Prince charming

“If you have chemistry, you only need one other thing…
TIMING, but timing’s a bitch.” –Robin Scherbatsky

Obviously a quote of “How I met your mother”, I love that show. And I have been remembering this quote since it first was on tv, I think that was over a year ago.

Exactly a week before my relationship really started crumbling, my sister got dumped by her boyfriend of one year. They still loved each other, but he needed a break… something they must have learned from the movies since in my opinion:
real love doesn’t need a break.

My mom has been having relationship troubles ever since…

My boyfriend, or ex suddenly disappeared a few weeks later.

And the day before yesterday I got a call from a friend in tears: the guy she had been dating for three months now claims that he didn’t realize they were dating and it was just a casual thing for him.

All these women have been left confused, alone and sad. Maybe it has something to do with the Eclipse Nadine Marie blogged about yesterday. But I have been listening to them and myself screaming, crying or just saying in absolute despair:
my prince charming must be either death or in jail or something. I don’t think there is anyone out there for me.

There is a lot to say about this topic… but not that much to say to those who feel this way, since they won’t listen. I have been trying to comfort my friend saying: first of all there is more than just one person out there for you, if there was just one person it could be a Chinese person in China and how will you ever be able to find him and have a discussion with him since you don’t speak the language. There is more than one person out there and even better: they aren’t all death or in jail.

You have to believe this and stop focussing so much about the lack of a good boyfriend. Try focussing on being happy instead. I’ll quote Miss Sparkz here: “don’t worry beautiful our prince charming is coming, he is on his way, maybe not express mail but he is coming in standard rate…”

And don’t you dare worrying about getting an ex boyfriend back. I know it’s tempting,
I know they seem perfect now. Trust me they aren’t, and if they don’t want to be with you in the first place, why would you want to. It’s better for yourself to remain single for a bit longer, just to find that perfect guy who will love you and only you and wouldn’t dare to think about leaving because this or that. I’m not saying that this perfect guy couldn’t be an ex, it’s just this: there is a reason you broke up and you cannot come back together before this reason has been resolved.
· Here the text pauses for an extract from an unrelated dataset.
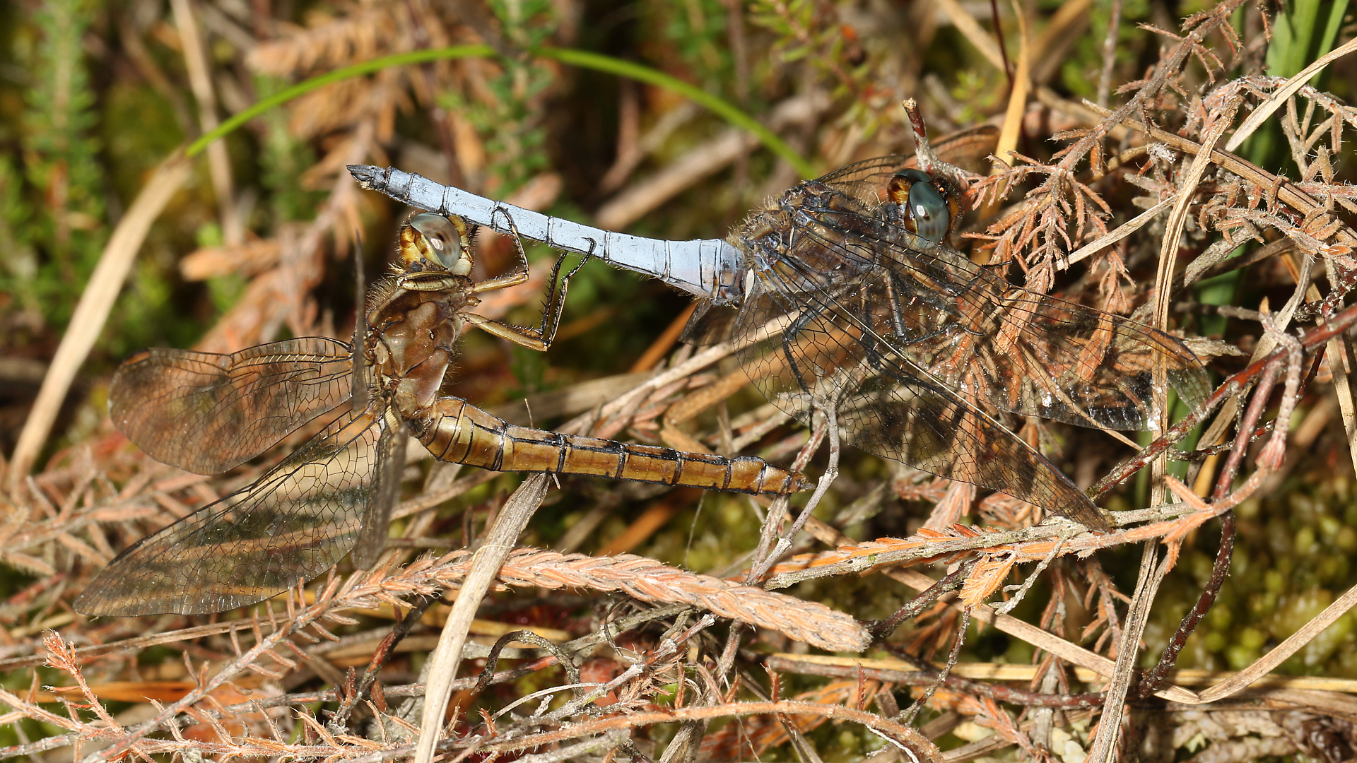 | Kleiner Blaupfeil (Orthetrum coerulescens) ♀♂ nach der Paarung · 20.08.2016 |
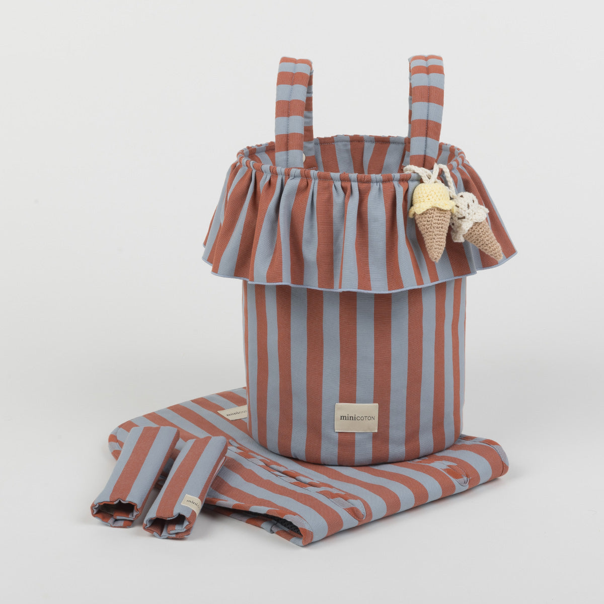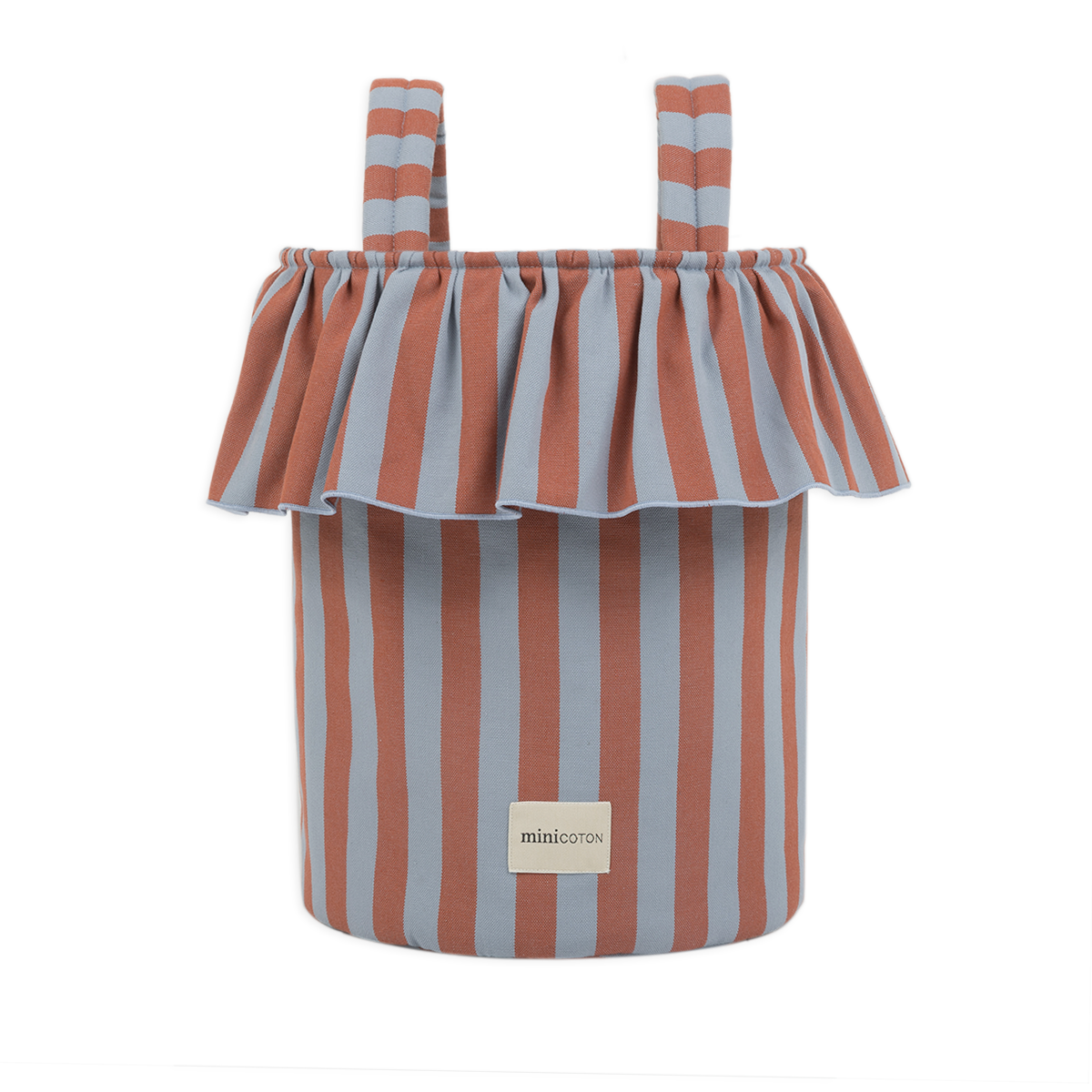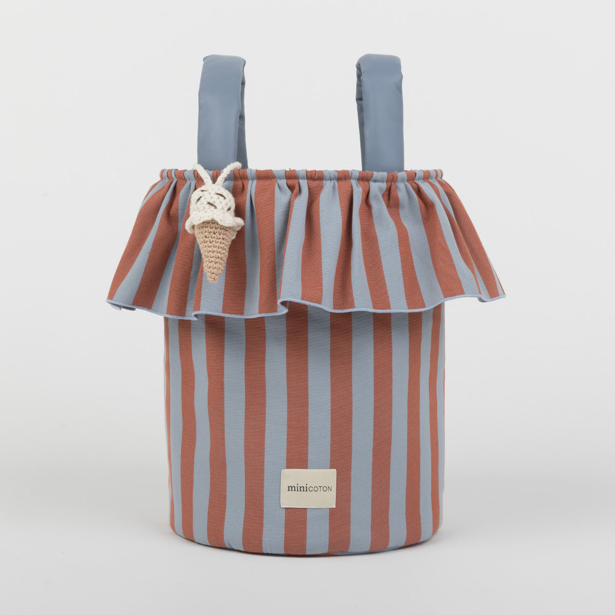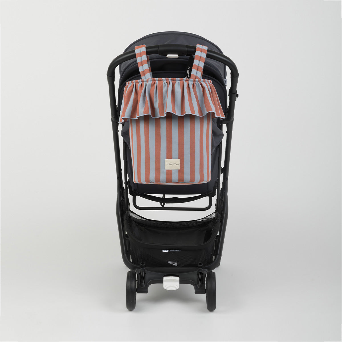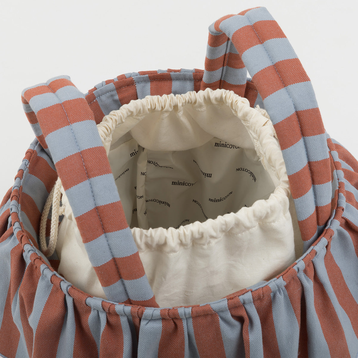 A very special bag because of its removable handles, which can be positioned differently to make it perfect as a handbag or stroller bag. With just two clicks, your bag changes format to accompany you in the best way. It closes very practically with its cords at the top, like a snack bag. It has great capacity and its interior is made of water-repellent fabric. The exterior is 100% cotton.

He IS out there and he actually has been on his way ever since he knew you were looking for him. But he is traveling on a white horse, might not have the best navigation system and will also find obstacles on his path that will make him just as ready for you as you are for him. So be patience, don’t make it about waiting, make it about living and you’ll have so much more to tell him when he arrives.

Have an open heart, use your mind and enjoy every single minute of being single.

animal-photography-lion

Pumbaa: What’cha do, kid?
Simba: Something terrible. But I don’t wanna talk about
Timon: Good. We don’t wanna hear about it.
Pumbaa: {To Timon} Come on Timon. {To Simba} Anything we can do?
Simba: Not unless you can change the past.
Pumbaa: You know, kid, in times like this my buddy Timon here says “You got to put your behind in your past.”
Timon: {waving his arms} No. No. No.
Pumbaa: I mean…
Timon: Amateur. Lie down before you hurt yourself.  {to Simba} It’s “You got to put your past behind you.” Look, kid. Bad things happen, and you can’t do anything about it, right?
Simba: Right.
Timon: {Pokes Simba’s nose} Wrong!  When the world turns its back on you, you turn your back on the world!
Simba: Well, that’s not what I was taught.
Timon: Then maybe you need a new lesson. Repeat after me. {clears throat} Hakuna Matata.
Simba: {Still lethargic} What?
Pumbaa: Ha-ku-na Ma-ta-ta. It means no worries.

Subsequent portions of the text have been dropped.